Other tests can include:

  • ovarian reserve testing to count the eggs after ovulation
  • pelvic ultrasound to produce an image of the uterus and ovaries
  • thyroid function test, as this may affect the hormonal balance

For couples who experience fertility problems and those who wish to have children at an older age, there are more options available than ever before.

In 1978, the first baby was born as a result of IVF. Today, about 2.1% of all infants born in the United States annually are conceived via some form of assisted reproductive technology (ART).

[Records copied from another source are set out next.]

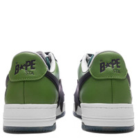 The Bape STA OS M2 in Green reimagines the classic silhouette with refined details. A leather upper pairs with patent leather overlays, adding a sleek, layered look. The exaggerated STA logo stands out against the design, while the perforated toe box enhances breathability. Finishing touches include a branded dubrae and embroidered heel for signature branding elements that elevate this timeless style. - Leather upper - Patent leather overlays - Exaggerated STA - Perforated toe box - Branded dubrae - Embroidered heal - Style No: 001FWK801309M-GRN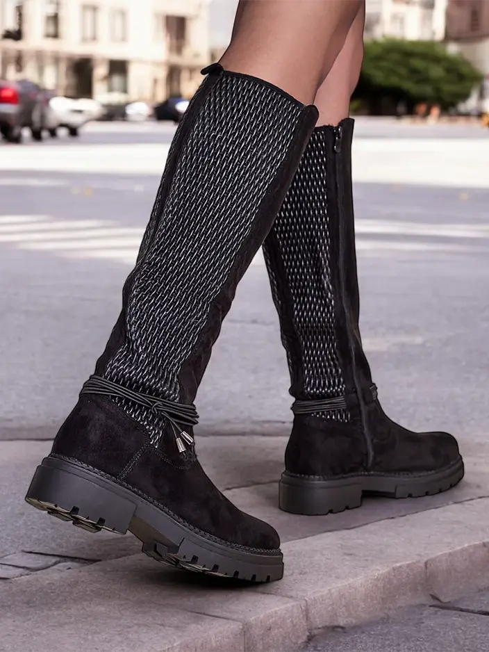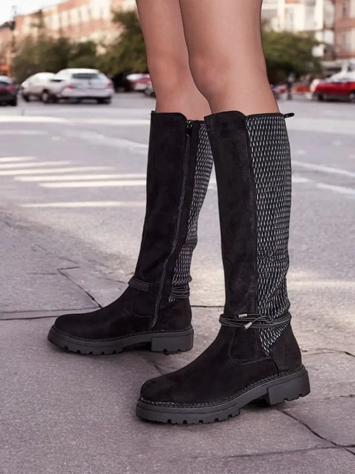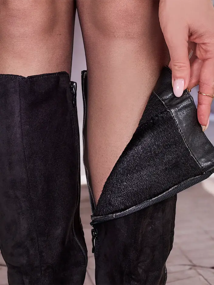 • Cizme înalte pentru femei din piele ecologică de suede cu un toc plat. La interior cu o branț din blană. Modelul se încheie cu un fermoar și are un inserție elastică în spate. Elegant și stylish cu o decorație detașabilă!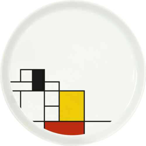Τετράγωνα και ορθογώνια σχήματα σε διάφορα χρώματα κοσμούν αυτό το πιάτο. Ένα απλό και κομψό στυλ. Αφιέρωμα στον Ολλανδό καλλιτέχνη Piet Mondrian. Αυτό το έργο τέχνης κάνει το πιάτο πολύ ιδιαίτερο. Απολαύστε το πρωινό, το μεσημεριανό ή το δείπνο σας σε ένα πιάτο Koenitz.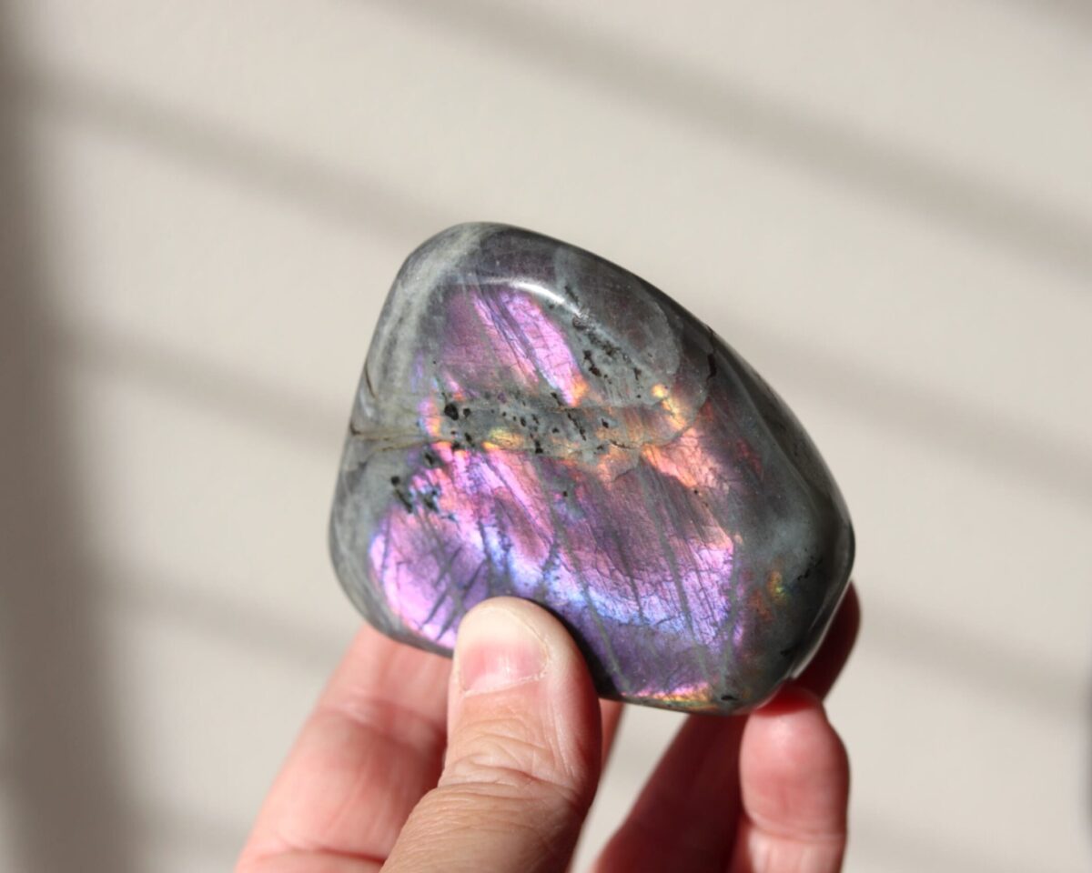 Een Labradoriet sculptuur vol diepte en kleur. De roze, paarse en oranje gloed vangt het licht op een subtiele manier. Dit stuk van 224 gram voelt krachtig maar verfijnd en heeft een formaat van circa 6,5 bij 5,5 bij 3 centimeter. Perfect voor wie houdt van natuurlijke schoonheid met betekenis.

As new technology becomes available, fertility treatment is now accessible to more people, and success rates and safety are improving all the time. Financing fertility treatment can also be costly, but there are programs that can help with this.

How common is infertility?

Worldwide, 8–12% of couples experience fertility problems. At least 20% of infertility cases happen solely due to a problem with the male reproductive system. In addition, 19% of American females ages 15–49 years experience primary infertility after 1 year of trying. About 6% of married females ages 15–49 years experience secondary infertility. Black American and Latinx females are more likely to have infertility compared with American females who are white.

What are some complications of infertility?

If conception does not occur, it can lead to stress and possibly depression. Some physical effects may also result from treatment for infertility. For example, a female could get ovarian hyperstimulation syndrome (OHSS) from taking medications to stimulate the ovaries. Another complication can be an ectopic pregnancy.

Multiple pregnancies may also result from fertility treatment. If there are too many embryos, carrying all of them to term may cause health problems during the pregnancy.